Flexible and Fast Spatial Return Level Estimation Via a Spatially Fused Penalty

Danielle Sass, Bo Li, Brian J. Reich

Research output: Contribution to journalArticlepeer-review

Abstract

Spatial extremes are common for climate data as the observations are usually referenced by geographic locations and dependent when they are nearby. An important goal of extremes modeling is to estimate the T-year return level. Among the methods suitable for modeling spatial extremes, perhaps the simplest and fastest approach is the spatial generalized extreme value (GEV) distribution and the spatial generalized Pareto distribution (GPD) that assume marginal independence and only account for dependence through the parameters. Despite the simplicity, simulations have shown that return level estimation using the spatial GEV and spatial GPD still provides satisfactory results compared to max-stable processes, which are asymptotically justified models capable of representing spatial dependence among extremes.
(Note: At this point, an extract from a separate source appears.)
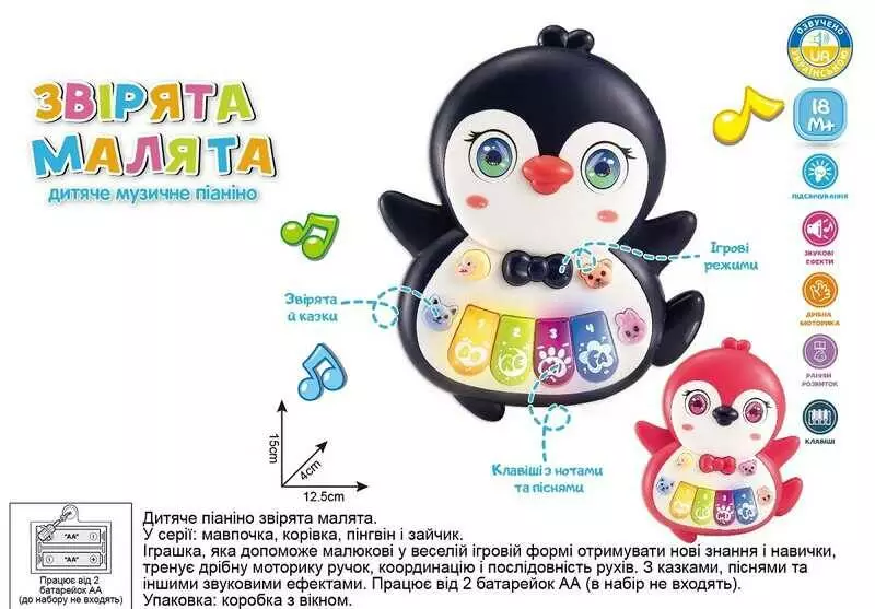 Піаніно 85270 (120/2) "WToys", "ПІНГВІН", 2 кольори, УКРАЇНСЬКЕ ОЗВУЧУВАННЯ, ноти, мелодії, пісні, казки, світло, цифри, звуки тварин, в коробці

However, the linear functions used to model the spatially varying coefficients are restrictive and may be violated. We propose a flexible and fast approach based on the spatial GEV and spatial GPD by introducing fused lasso and fused ridge penalty for parameter regularization. This enables improved return level estimation for large spatial extremes compared to the existing methods. Supplemental files for this article are available online.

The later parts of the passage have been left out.